/Poodle

Projecting Observations On a Deep Learned Embedding

Primary LanguagePython

Poodle

Projecting Observations On a Deep Learned Embedding

Background

Clustering techniques that use deep learned embeddings often outperform conventional clustering techniques such as k-means [1]. However, when it comes to projecting new samples onto the learned embedding there is a lack of guidelines & tools. We built POODLE to facilitate the projection of new samples onto this product space. Samples are clustered one-by-one according to their orientation in the latent space.

Deep learning technique

We used the autoencoder architecture of MAUI as an example. However, one could also adopt a different deep learning architecture or even a factor analysis technique (like MOFA). Currently, this github repo does not provide examples for other techniques.
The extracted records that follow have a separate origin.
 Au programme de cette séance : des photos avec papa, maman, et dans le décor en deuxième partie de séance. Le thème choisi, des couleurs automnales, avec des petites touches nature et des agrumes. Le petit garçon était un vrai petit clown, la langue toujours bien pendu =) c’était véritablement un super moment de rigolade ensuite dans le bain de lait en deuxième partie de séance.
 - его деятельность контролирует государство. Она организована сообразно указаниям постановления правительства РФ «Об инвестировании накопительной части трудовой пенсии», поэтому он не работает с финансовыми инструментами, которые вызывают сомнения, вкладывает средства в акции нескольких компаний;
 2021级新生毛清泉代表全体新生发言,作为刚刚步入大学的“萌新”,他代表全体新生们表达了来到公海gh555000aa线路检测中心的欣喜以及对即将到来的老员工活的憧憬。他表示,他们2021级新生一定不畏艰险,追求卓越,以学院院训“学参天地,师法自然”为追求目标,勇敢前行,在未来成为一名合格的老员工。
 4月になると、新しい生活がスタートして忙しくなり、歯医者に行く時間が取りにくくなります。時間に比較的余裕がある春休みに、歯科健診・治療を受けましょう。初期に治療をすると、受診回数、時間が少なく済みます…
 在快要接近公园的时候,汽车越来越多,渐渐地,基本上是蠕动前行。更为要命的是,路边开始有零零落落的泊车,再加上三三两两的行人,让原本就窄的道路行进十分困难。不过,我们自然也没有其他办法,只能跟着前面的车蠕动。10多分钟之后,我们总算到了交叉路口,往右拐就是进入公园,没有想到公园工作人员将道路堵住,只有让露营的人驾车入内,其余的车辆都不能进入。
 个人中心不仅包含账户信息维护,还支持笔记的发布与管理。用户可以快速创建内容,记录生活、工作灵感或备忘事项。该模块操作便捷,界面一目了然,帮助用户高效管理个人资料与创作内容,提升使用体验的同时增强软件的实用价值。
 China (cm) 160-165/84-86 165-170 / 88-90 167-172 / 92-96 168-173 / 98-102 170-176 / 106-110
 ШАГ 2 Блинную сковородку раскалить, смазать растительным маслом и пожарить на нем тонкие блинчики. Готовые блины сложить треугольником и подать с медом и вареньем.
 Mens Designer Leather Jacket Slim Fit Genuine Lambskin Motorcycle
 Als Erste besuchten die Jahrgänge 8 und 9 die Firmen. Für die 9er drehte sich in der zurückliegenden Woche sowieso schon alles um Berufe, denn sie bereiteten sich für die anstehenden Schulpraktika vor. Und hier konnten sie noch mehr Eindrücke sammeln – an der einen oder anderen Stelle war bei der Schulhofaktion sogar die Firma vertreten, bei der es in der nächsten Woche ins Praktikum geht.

Robust to difference in dimensionality

Poodle is flexible for situations where certain data is absent in the clinic, as one may build a shared product space and only project patients on the variables present in both sets. However, ensure that the key features are still included. The more you diverge from the initial set of features, the more you'll loose the cluster essence.

Installation

Once you have downloaded the github repo you can install the required packages by running:

$ pip install -r requirements.txt

How does poodle work?

Arguably, the best way to get familiar with the capabilities of poodle, is to start a notebook session on your device and open the following example: Start here

For those that prefer to start right away, we have listed the essential functions down below:

Functions in poodle

Specify the structure of the data

You need to specify the columns for each modality, in case you want to use different modalities. If your variables are all of the same type, one list will suffice.

d_input = {'cat' : list(CATEGORIC_VARIABLES), 'num' : list(NUMERIC_VARIABLES)}

Disclaimer: Columns need to be present in both the original & new set. If there happens to be a discrepancy between the sets you need to learn a shared product space (see this notebook for more info).

Prepare patient projection

# Before projecting a new patient, you need to update metadata with the new information.
from poodle import utils as pup

# create metadata
df_meta = pup.getMetaDataPatient(df_cluster, list(df_cluster['pseudoId'].values), new_pat)

Labeling new patients

# Now you can project the patient onto the learned embedding. You need to supply the following: 
# the model (i.e. maui), metadata, original latent space, modality information and sample data.

# project a new patient and calculate similarity with each cluster
z = pup.getOrientation(maui_model, df_meta, z_existent, d_input, sample, sim_matrix, cluster_label='PhenoGraph_clusters')

# Collect coordinates of newly added patients
y_pred = pup.classifyPatient(z, path='../example_data/model/labeler/')

Output:

  • z: the orientation of a patient relative to each clusters (represented by a few scalars as shown in figure 1)
  • y_pred: the predicted probabilities for a new patient

Visualization in poodle

Check quality of replicate clusters vs shared product space

from poodle import visualization as viz
import pandas as pd

# Import clustering probabilities of all new patients 
df_projection = pd.read_csv('../example_data/results/ClusterAssignment_NewSamples.csv', sep=',')

# Plot both original & replicate distribution
viz.plotQualityControl(df_cluster[['Cluster', 'pseudoId']], df_projection, z_existent, pd.DataFrame(z_new)) 

Show differences in spatial variance

viz.plotSpatialVariation(l_new, l_old) 

Map a specific patient

viz.plotClusterMapping(df_meta, z, new_pat)

Show top 10 closest neighbours

df_neighbours = pup.find_neighbours(df_meta, z, new_pat)
viz.plot_neighbours(df_neighbours, new_pat)

Identify batch effects with tSNE

pup.plot_tsne(fit1, group_id=metadata_original['IS_REPLICATE'], path='figures/original/tsne_original.png')
pup.plot_tsne(fit2, group_id=metadata_w_replicates['IS_REPLICATE'], path='figures/replication/tsne_replication_projected.png')
Product space (2D representation) Newly projected patients on product space
tsne_original tsne_replicate

Methodology

Assigning new samples to clusters

Poodle assigns a label based on the orientation of the (new) sample in the learned embedding. It does so by creating two distributions for each cluster:

  1. The sample vs cluster similarity (How similar is the sample to the cluster?)
  2. The within cluster similarity (How stable is the cluster?)

The characteristics of these distributions are captured and used to predict the cluster that a sample belongs to. We adopt an ML-technique to carefully weight each of these predictors untill the Labeler reaches a near perfect performance (see this notebook for confusion matrix). poodleLabeler

WIP

Be aware that this github repo is still a work in progress. We will update the readme as we make new additions to the tool. For example: we aim to add baseline comparison and batch correction in the near future. Furthermore, we want to improve the functionality for users that work with uniform data (w/ single modality).